Start of RECORDS FOR THIS EXERCISE

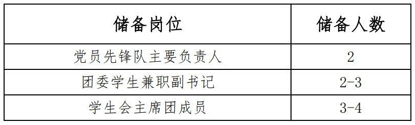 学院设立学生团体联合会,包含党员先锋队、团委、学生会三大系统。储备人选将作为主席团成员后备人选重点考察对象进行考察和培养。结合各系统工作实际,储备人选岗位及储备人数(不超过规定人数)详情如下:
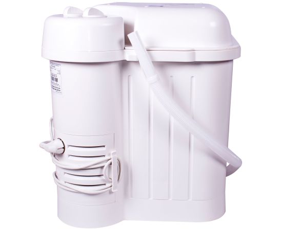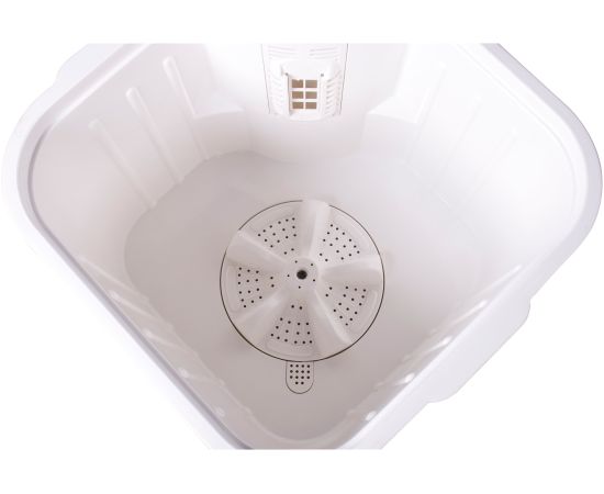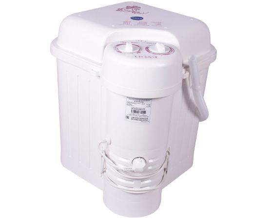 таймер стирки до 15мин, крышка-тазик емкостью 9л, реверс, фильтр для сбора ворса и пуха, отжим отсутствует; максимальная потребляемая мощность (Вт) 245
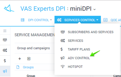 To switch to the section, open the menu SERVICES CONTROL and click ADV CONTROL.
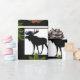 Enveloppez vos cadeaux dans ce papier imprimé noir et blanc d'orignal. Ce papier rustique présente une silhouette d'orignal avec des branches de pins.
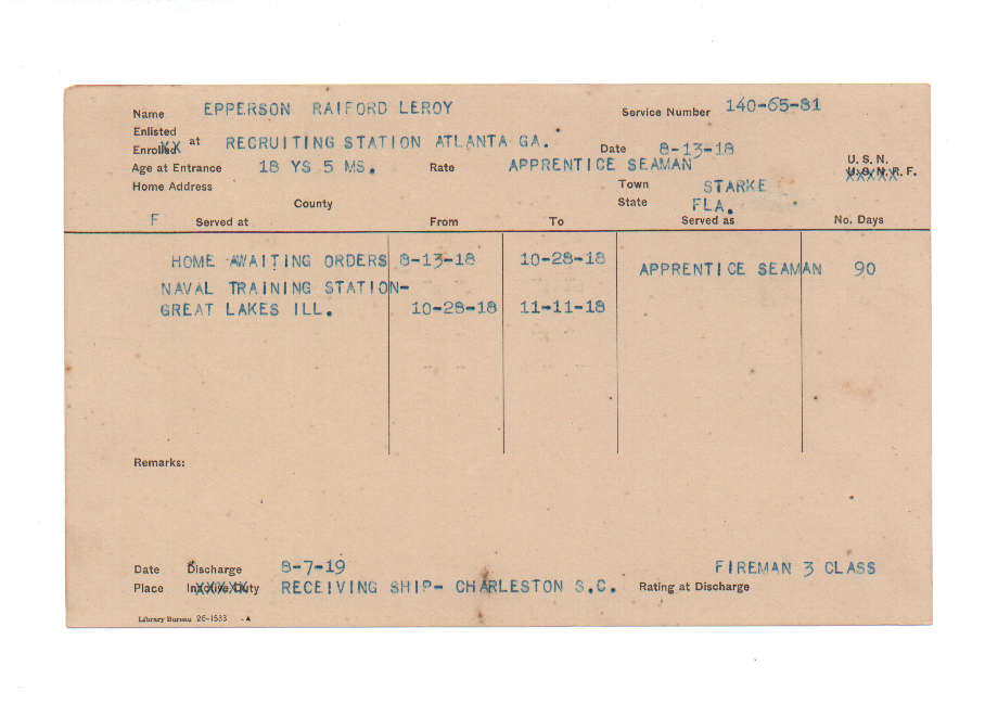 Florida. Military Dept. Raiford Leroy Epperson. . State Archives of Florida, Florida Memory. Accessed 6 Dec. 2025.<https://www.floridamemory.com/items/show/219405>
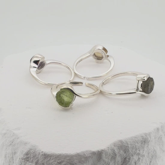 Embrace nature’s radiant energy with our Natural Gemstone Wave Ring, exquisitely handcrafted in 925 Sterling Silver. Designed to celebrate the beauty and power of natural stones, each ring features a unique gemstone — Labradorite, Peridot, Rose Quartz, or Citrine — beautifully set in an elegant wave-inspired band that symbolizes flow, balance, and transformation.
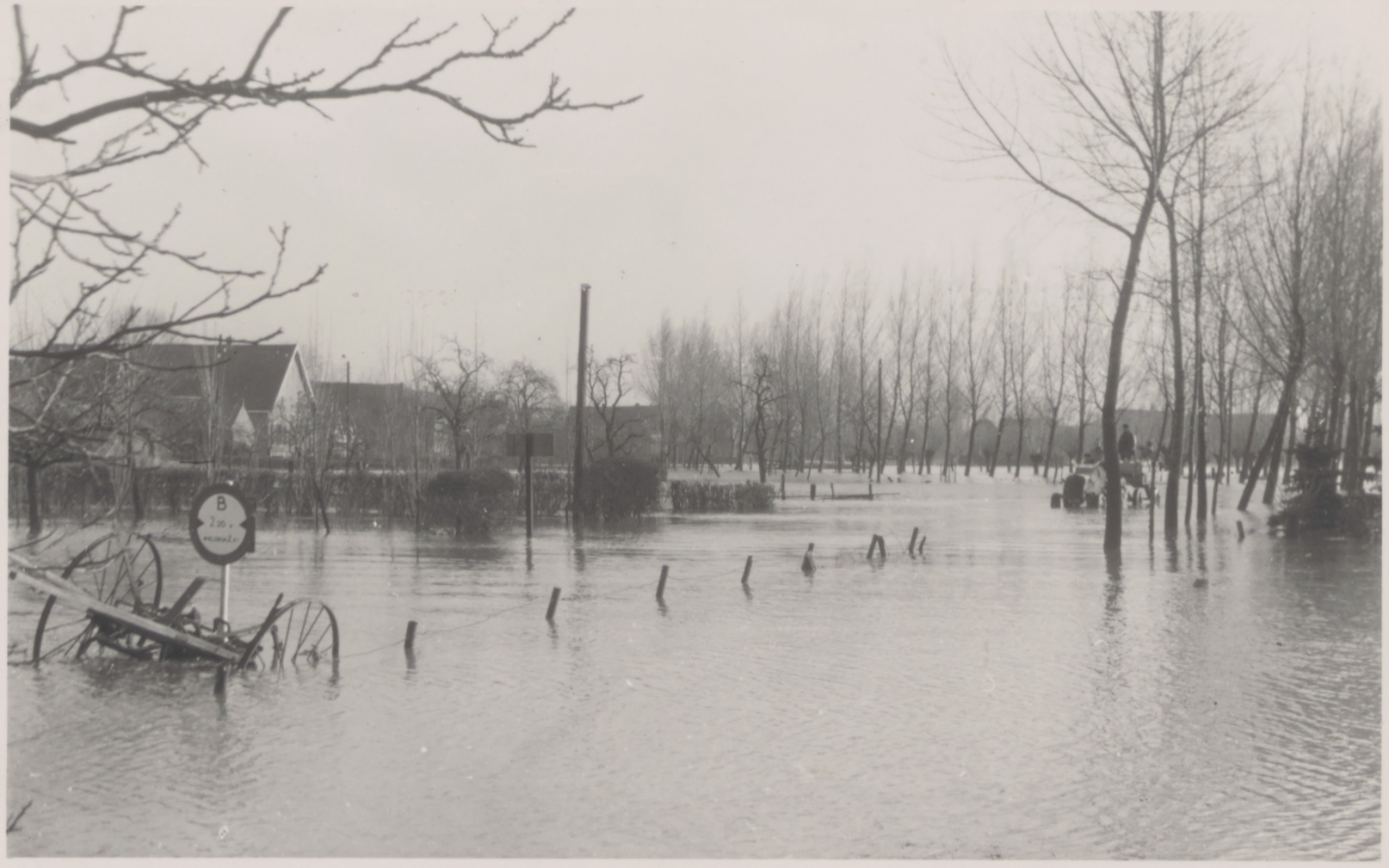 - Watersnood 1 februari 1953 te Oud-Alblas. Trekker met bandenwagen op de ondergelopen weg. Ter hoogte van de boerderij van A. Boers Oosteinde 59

End of RECORDS FOR THIS EXERCISE

→ PROBLEM DESCRIPTION: Would you reproduce, exactly and with nothing added, every line from the beginning of the entries above through the line that contains "Enveloppez vos cadeaux", both included, leaving out the pictures?

→ RESULT BELOW:
 学院设立学生团体联合会,包含党员先锋队、团委、学生会三大系统。储备人选将作为主席团成员后备人选重点考察对象进行考察和培养。结合各系统工作实际,储备人选岗位及储备人数(不超过规定人数)详情如下:
 таймер стирки до 15мин, крышка-тазик емкостью 9л, реверс, фильтр для сбора ворса и пуха, отжим отсутствует; максимальная потребляемая мощность (Вт) 245
 To switch to the section, open the menu SERVICES CONTROL and click ADV CONTROL.
 Enveloppez vos cadeaux dans ce papier imprimé noir et blanc d'orignal. Ce papier rustique présente une silhouette d'orignal avec des branches de pins.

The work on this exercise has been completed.